Уитмор встал и принялся расхаживать по спальне.
– Клэр, что прошло, то прошло. Ты всегда была несправедлива к Донне.
– Я говорю не о Донне! – выкрикнула она. – Неужели ты думаешь, что я ревную к покойнице? Я говорю о нескольких смертях. Говорю об этом Риддле и его покровителе Уите Стоуне – ты знаешь, какого я мнения о нем, – и о слухах, которые собирает Бен Нортон.
– Постой, – повысил голос Уитмор. – Риддл вышел из игры. Навсегда. Стоун тоже, пока я президент. А Нортон… В общем, он хороший парень, но он был влюблен в Донну и теперь повсюду видит заговоры. Он успокоится.

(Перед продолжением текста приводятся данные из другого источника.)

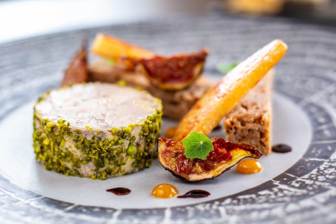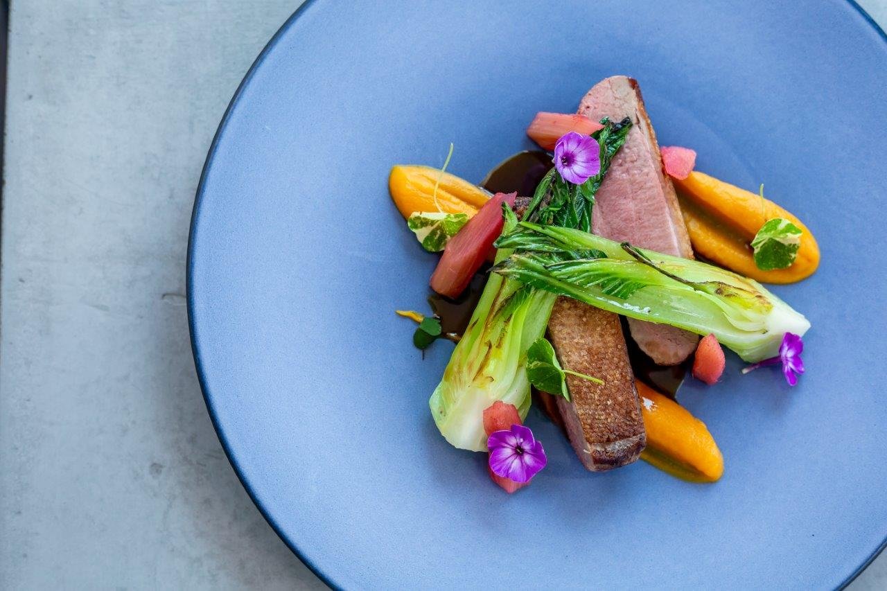 HLAVNÍ CHOD Filet candáta s pyré z pečené cibule, máslovou kapustou, marinovanými cibulkami, praženými lískovými oříšky a zálivkou se zázvoru, citronu a medu nebo Kachní prso s petrželovým pyré, pečeným celerem, nakládaným rakytníkem, slámou ze smaženého pórku a demi glace
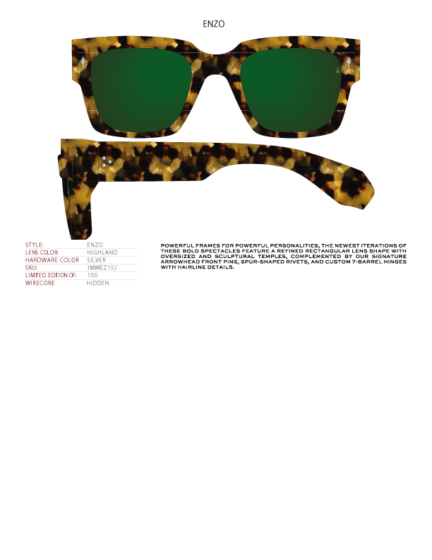 JMMは大陸、文化、世代を超えてインスピレーションを得て、確かな職人技と高度な生産方法を組み合わせ、上質な素材、大胆な幾何学デザインを取り入れて、クラシカルでありエレガントな要素を吹き込んだアイウェアを展開します。
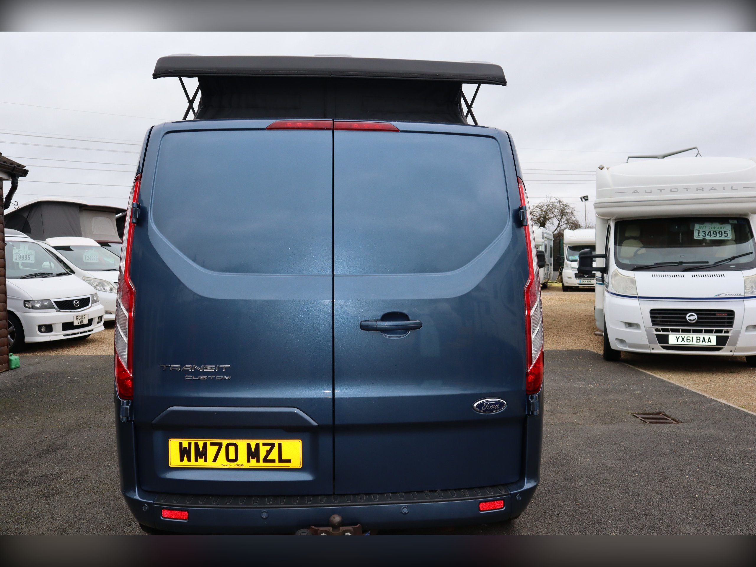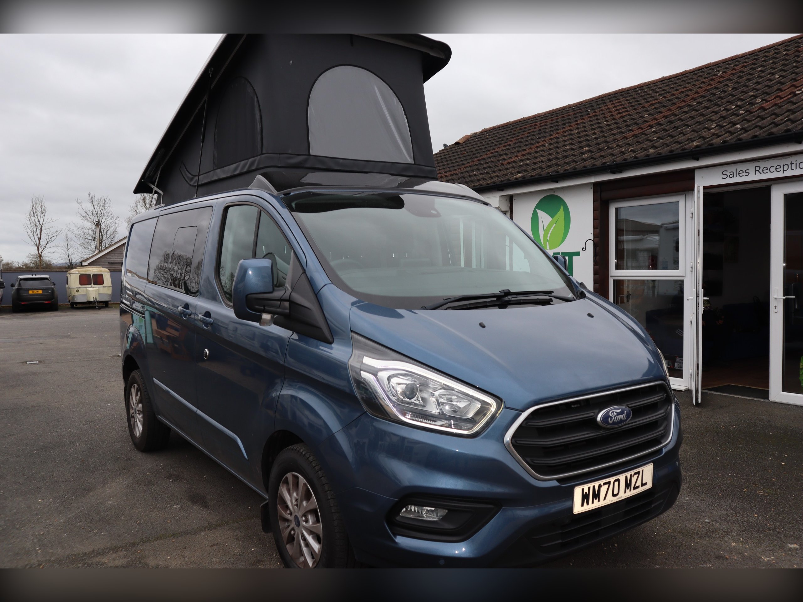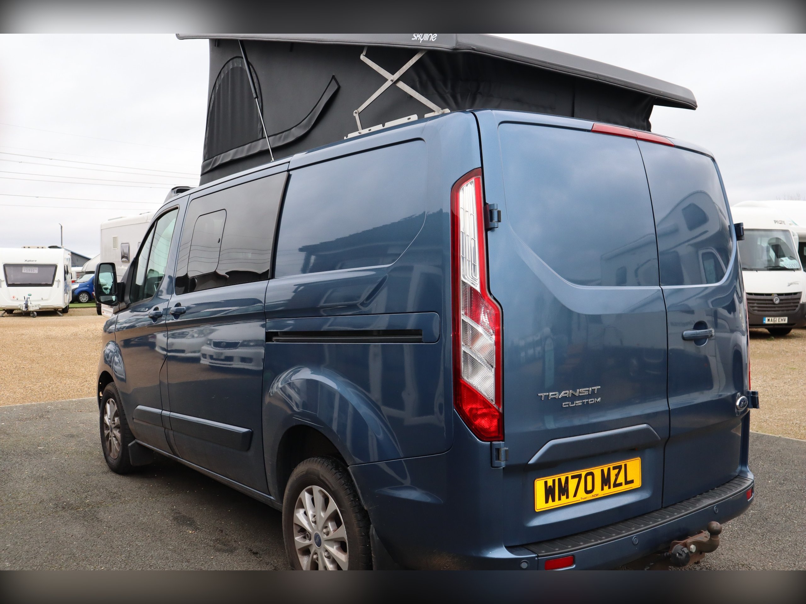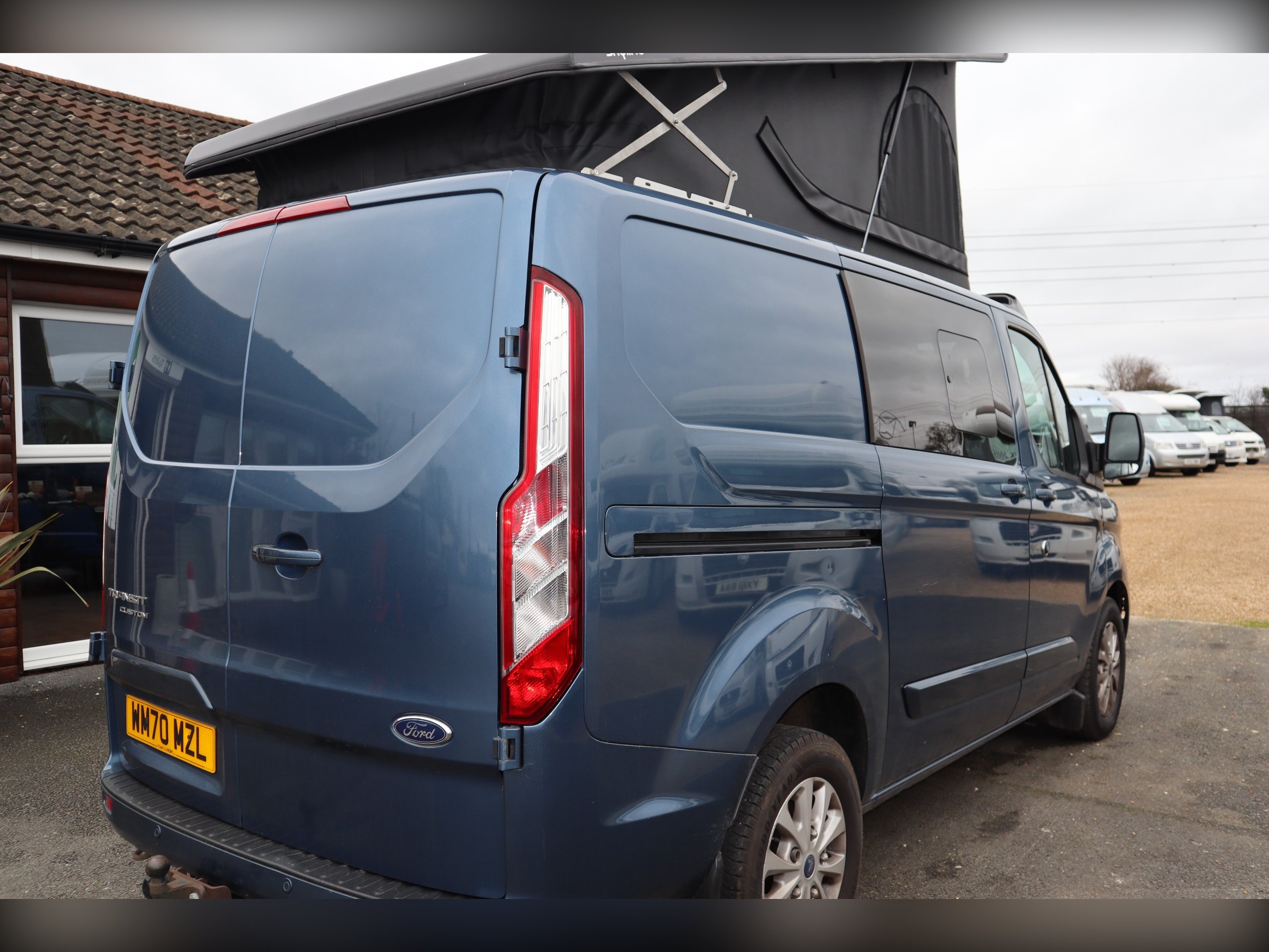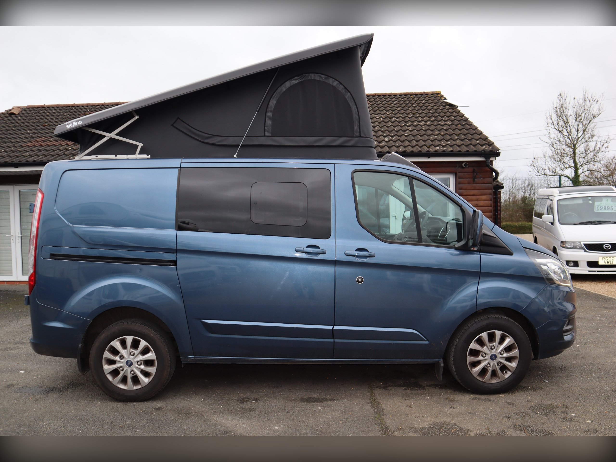 NO VAT, 1 Lady Owner from new, Ford Transit Custom Crew Van, 2.0 300 EcoBlue Limited model, 130 bhp, manual gearbox, Short Wheelbase (L1) and Low Roof (H1), with 6 seats for passengers plus cargo, meeting Euro 6 emissions standards with Start/Stop, making it a versatile work and family vehicle with desirable "Limited" trim features, parking sensors, air con, and connectivity. Bulkhead has been removed but comes with van. Skyline Pop Top Roof Fitted
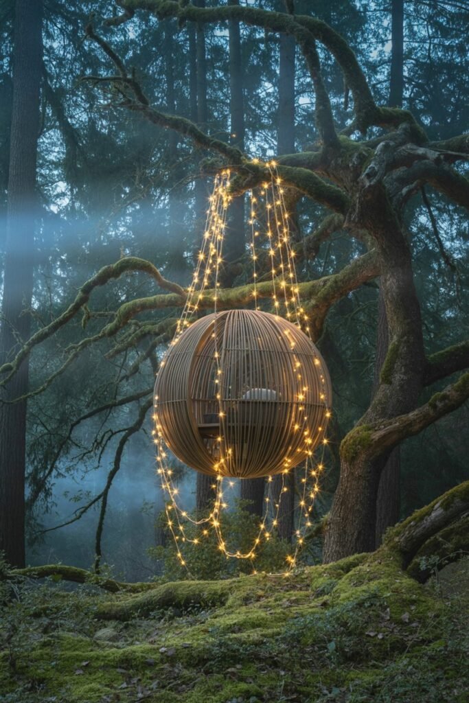 A whimsical pod suspended among the trees with twinkling string lights and a hobbit-style vibe.

– Вряд ли он успокоится, – сказала Клэр. – И вряд ли имеет значение, что ты уволил Риддла и порвал со Стоуном. Произошли неприятные вещи, Чарлз. И если ты ничего не предпримешь, последуют осложнения.

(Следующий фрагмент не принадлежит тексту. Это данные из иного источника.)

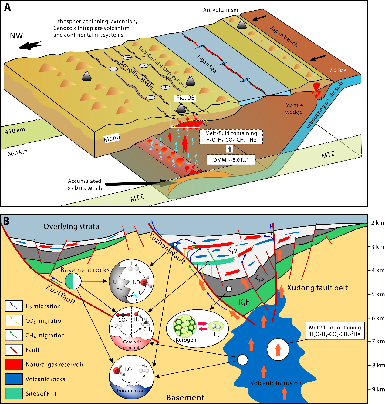 图3 松辽盆地庆深气田天然氢气形成与富集模式。(A)在板块俯冲作用下,携带挥发分的深部富氢流体进入地壳浅层并释放非生物成因气体。NW,西北;MTZ,地幔过渡带;DMM,亏损上地幔;(B)沉积盆地和基底岩石通过水岩反应、水辐射分解、有机质分解及费托地质合成反应生成和消耗氢气
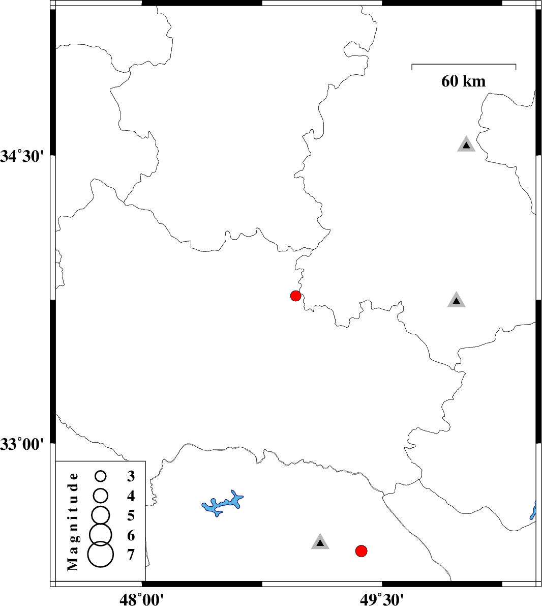 | 2011/06/13 | 10:08:12.6 | 14:38:12.6 | 33.77 | 48.96 | 15 | ML3 | Lorestan Province, 23 km South-East of Borujerd | ||
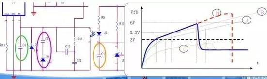 B.由于A方法有不足,將一個(gè)電容(C7)串連穩(wěn)壓管(D6,3.3V)并聯(lián)到反饋腳。此法不會(huì)影響正常工作,如B線所示,當(dāng)Vfb<3.3V時(shí),穩(wěn)壓管不會(huì)導(dǎo)通,分流。上升3.3V時(shí),穩(wěn)壓管進(jìn)入穩(wěn)壓狀態(tài),電容C7開始充電分流,減小后續(xù)Vfb的上升斜率。C。在431的K-A端并聯(lián)一個(gè)電容(C11),電源啟動(dòng)時(shí),C11電壓較低,并由光耦二極管和431的偏置電阻R10進(jìn)行充電。這樣光耦就有較大電流通過,使光耦光敏管阻抗較低而分流,Vfb將緩慢上升,如C線所示。R10×C11影響充電時(shí)間,也就影響輸出的上升時(shí)間。
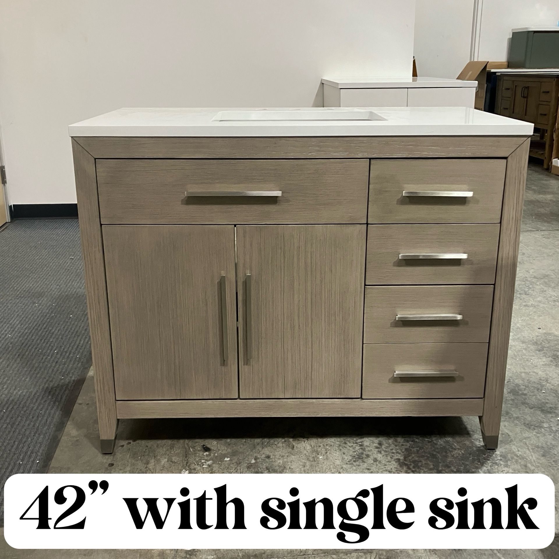 📌42” W x 22” D x 34” H Bathroom Cabinet 📌Single Sink Stone Countertop Bathroom Vanity 📌Solid Wood Constructed Bathroom Storage 📌Soft-closing Doors and Drawers 📌 Full extension dovetail pine wood drawers 📌Never used. Plus tax. 📌 Available in Other Sizes/Collections/Finishes 📍Showroom located at Ontario ✨Business Hours: Monday-Friday 9:00AM to 5PM Saturday 9:30AM to 5:30PM Address: 1845 S Vineyard Ave Suite 3 Ontario, CA 91761 Welcome to visit our showroom!
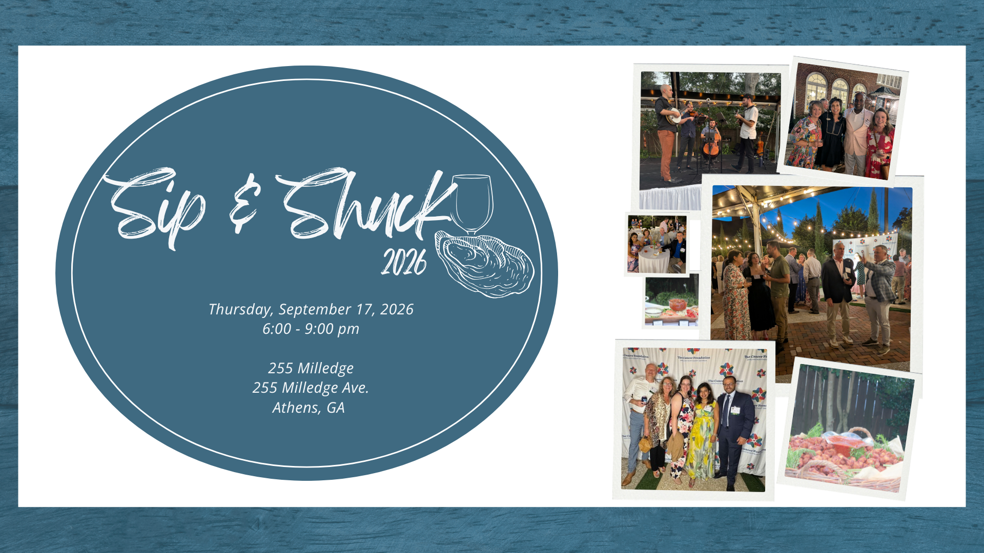 As we celebrate the 5th year of Sip ’N Shuck, we invite you to save the date and plan to join us for this special evening.
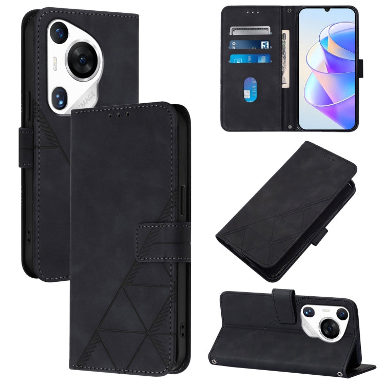 Funda de Cuero para Huawei Pura 70 Pro Crossbody con Tapa en Relieve 3D (Negro)

– Предоставь мне заниматься этим.
– Будешь ли ты заниматься? Или надеешься, что все уляжется само собой?
Уитмор присел на край кровати, и тут раздался звонок. Протянув руку, президент нажал кнопку ящичка на ночном столике.
– Да? – устало спросил он.
– Сэр, король и королева ждут, – произнес мужской голос.
– Через минуту мы будем.
– Хорошо, сэр. Еще одно дело, сэр.
– Да?
– Вас хочет видеть мистер Гальяно.
Прежде чем Уитмор успел ответить, Клэр прошептала:
– Только не приглашай его на обед. Не взглянув на нее, Уитмор кивнул и сказал своему невидимому помощнику:
– Передай Нику, что я встречусь с ним после этой пирушки. Часов в одиннадцать.
– Слушаюсь, сэр.
Уитмор снова нажал кнопку и допил шерри.
– На чем мы остановились? – спросила его супруга.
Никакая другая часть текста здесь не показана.